I am in the process of experimenting with deep reinforcement learning and have created the following in environment in which I am running a simulation of purchasing a raw material. Start qty is the amount of the material I have when looking to purchase for the next 12 weeks(sim_weeks). I have to purchase in multiples of 195000 pounds and am expected to use 45000 pounds of material a week.
start_qty= 100000
sim_weeks = 12
purchase_mult = 195000
#days on hand cost =
forecast_qty = 45000
class ResinEnv(Env):
def __init__(self):
# Actions we can take: buy 0, buy 1x,
self.action_space = Discrete(2)
# purchase array space...
self.observation_space = Box(low=np.array([-1000000]), high=np.array([1000000]))
# Set start qty
self.state = start_qty
# Set purchase length
self.purchase_length = sim_weeks
#self.current_step = 1
def step(self, action):
# Apply action
#this gives us qty_available at the end of the week
self.state-=forecast_qty
#see if we need to buy
self.state += (action*purchase_mult)
#now calculate the days on hand from this:
days = self.state/forecast_qty/7
# Reduce weeks left to purchase by 1 week
self.purchase_length -= 1
#self.current_step+=1
# Calculate reward: reward is the negative of days_on_hand
if self.state<0:
reward = -10000
else:
reward = -days
# Check if shower is done
if self.purchase_length <= 0:
done = True
else:
done = False
# Set placeholder for info
info = {}
# Return step information
return self.state, reward, done, info
def render(self):
# Implement viz
pass
def reset(self):
# Reset qty
self.state = start_qty
self.purchase_length = sim_weeks
return self.state
I am debating on if the reward function is sufficient. What I am attempting to do is minimize the sum of the days on hand from each step where the days on hand for a given step is defined by days in the code. I decided that since the goal is to maximize the reward function, then I could convert the days on hand value to a negative number and then use that new negative number as the reward (thus maximizing the reward would minimize the days on hand). Then I added the strong penalty for letting qty available at any given week be negative.
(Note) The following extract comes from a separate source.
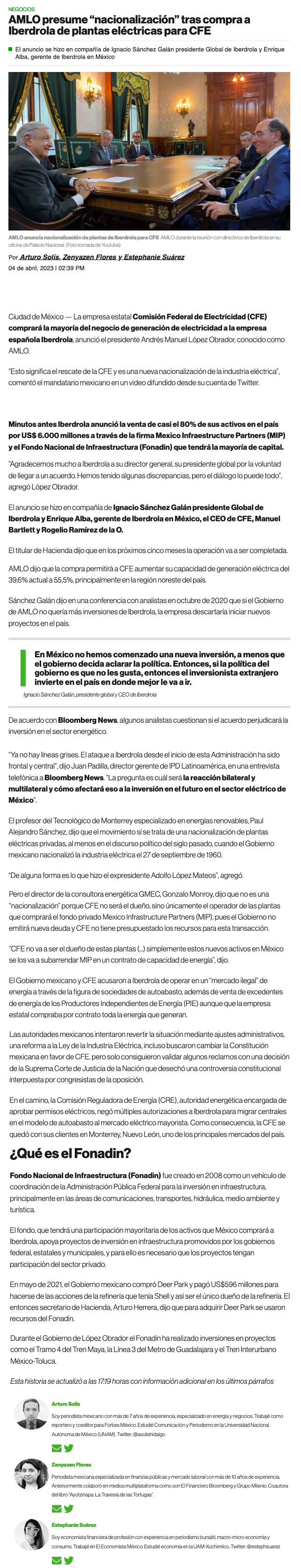 Iberdrola vende a empresa pública mexicana gran parte de su negocio y AMLO dice que es una "nueva nacionalización" - (americaeconomia online)
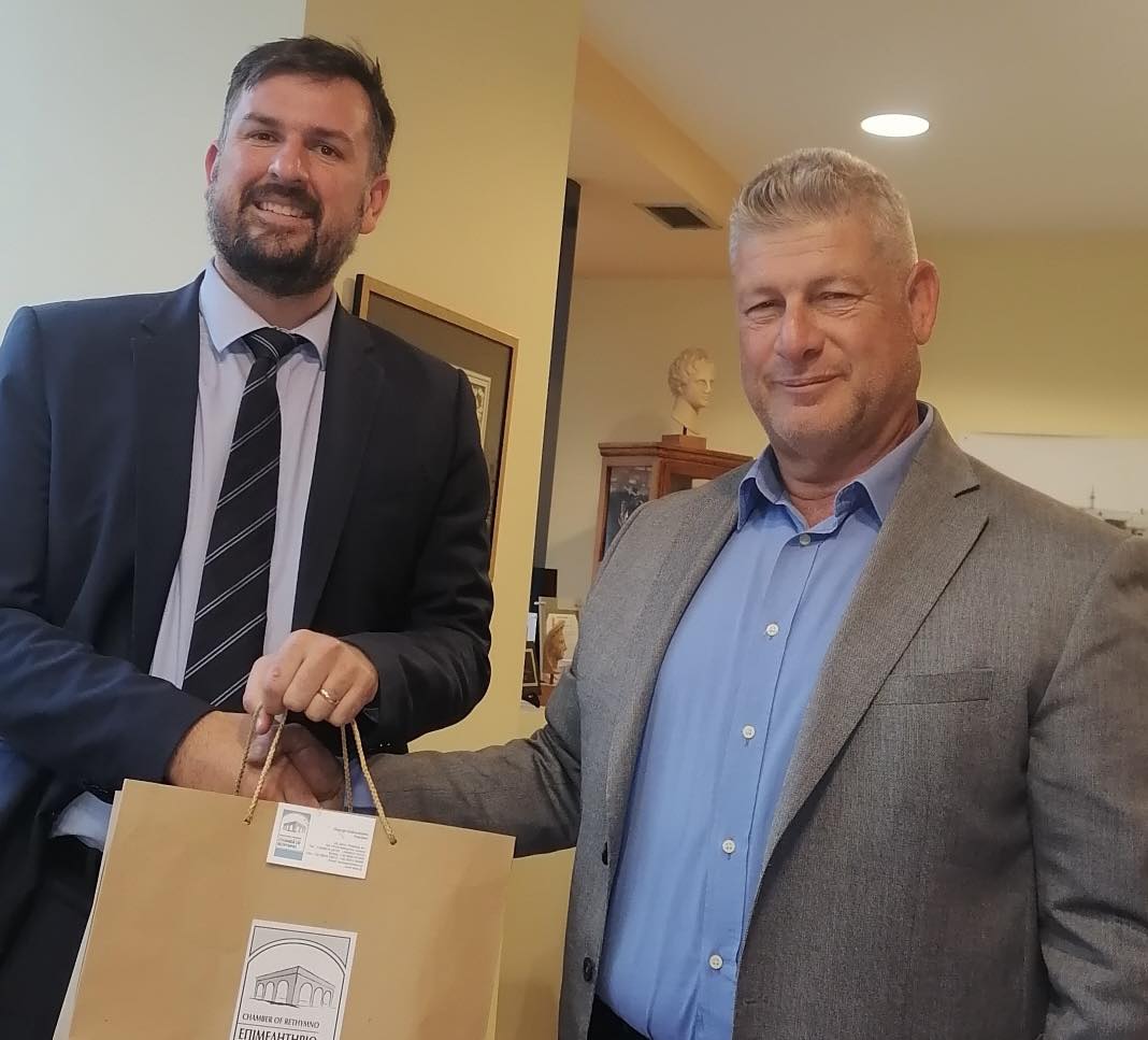 Εθιμοτυπική επίσκεψη, του Α’ Γραμματέα της Πρεσβείας των ΗΠΑ στη χώρα μας, κ. Brian Timm-Brock στο Επιμελητήριο Ρεθύμνης πραγματοποιήθηκε το μεσημέρι της Τετάρτης, 3 Δεκεμβρίου.

Is there a better way to do this? I am new to this subject and also new to Python in general. Any advice is greatly appreciated! I
I think you should consider reducing the scale of the rewards. Check here and here for stabilising the training in the neural networks. If your only task for the RL agent is to minimise the sum of days on hand, then the reward system makes sense. Just needs a bit of normalisation!